O zaman anladım ki, bir kişinin kendi kendini yok etmesindeki en büyük etken suçluluk… Çevresine zulm etmesindeki en önemli nedenlerden birisi… Sürekli yakalanırsam korkusu… Tarihte örneği o kadar çok ki… Bir ay önce insanların taptığı bir liderken, bir ay sonra kendinizi Nicolae ve Elana Ceaușescu gibi, minicik bir arabada ter içinde kaçmaya çalışırken bulabilirsiniz ya da Saddam Hüseyin misali minicik bir delikte nefes almaya çalışırken saçınız sakalınız birbirine karışmış halde yakalanabilirsiniz, daha da acısı, Kaddafi gibi bir su kanalında yakalanıp linç edilerek “Öldürmeyin, vurmayın” diye görüntülenebilirsiniz. Bu zalim ölümler hep belleğimize işlenmiş…Ölüm korkusu çok derin ve gerçek.

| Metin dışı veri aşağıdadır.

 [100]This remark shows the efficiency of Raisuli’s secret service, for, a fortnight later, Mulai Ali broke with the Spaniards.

Ne yazık ki, bizim tarihimizde de pek çok acı, kara ve keşke geri döndürülebilse diye iç geçirdiğimiz anlar var… Rahmetli Menderes’in son anları gibi… İktidar partisi liderlerinin sık sık kendisini dile getirmeleri ve biz bu yola kefenle çıktık diye tekrarlamaları da benim gibi yüreği ağzında yaşayanlar için iyice ürkütücü bir tablo çiziyor…

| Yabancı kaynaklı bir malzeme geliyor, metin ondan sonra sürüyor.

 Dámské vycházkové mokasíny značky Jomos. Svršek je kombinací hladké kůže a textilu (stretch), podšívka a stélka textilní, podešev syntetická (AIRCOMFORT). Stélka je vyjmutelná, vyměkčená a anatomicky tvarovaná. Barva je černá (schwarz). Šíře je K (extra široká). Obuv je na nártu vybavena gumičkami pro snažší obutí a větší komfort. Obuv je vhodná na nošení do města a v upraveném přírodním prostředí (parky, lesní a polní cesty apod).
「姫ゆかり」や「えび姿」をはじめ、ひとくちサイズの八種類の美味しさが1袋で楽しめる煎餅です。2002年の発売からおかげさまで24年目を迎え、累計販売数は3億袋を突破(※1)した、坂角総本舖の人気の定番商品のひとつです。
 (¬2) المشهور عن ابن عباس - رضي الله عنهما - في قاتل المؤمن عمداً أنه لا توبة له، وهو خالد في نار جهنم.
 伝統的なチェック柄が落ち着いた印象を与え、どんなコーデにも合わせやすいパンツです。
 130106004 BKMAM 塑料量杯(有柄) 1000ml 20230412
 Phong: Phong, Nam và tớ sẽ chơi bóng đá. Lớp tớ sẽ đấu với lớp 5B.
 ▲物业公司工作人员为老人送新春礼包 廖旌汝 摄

İlginçtir… Yunan mitolojisinde Thanatos'un (Ölüm Tanrısı) üvey kardeşi Hypnos'dur (Uyku Tanrısı)… Dedim ya, benim dike dike güzelleştirebileceğim renkli esvaplarım yok... Ondan olsa gerek, rengarenk sözlerim var… Elbette sözlere kıymet verenler için, sözcükler içinde derin dehlizler ve iyiliğe açılan yollar vardır.
Lafı uzattım yine, affola. Atalarımızın dediği üzere, korkunun ecele faydası yok… Sorum şudur, çocuklarımız kefenle dolaşmanın cesaret göstergesi olmadığı bir dünyayı hak etmiyor mu?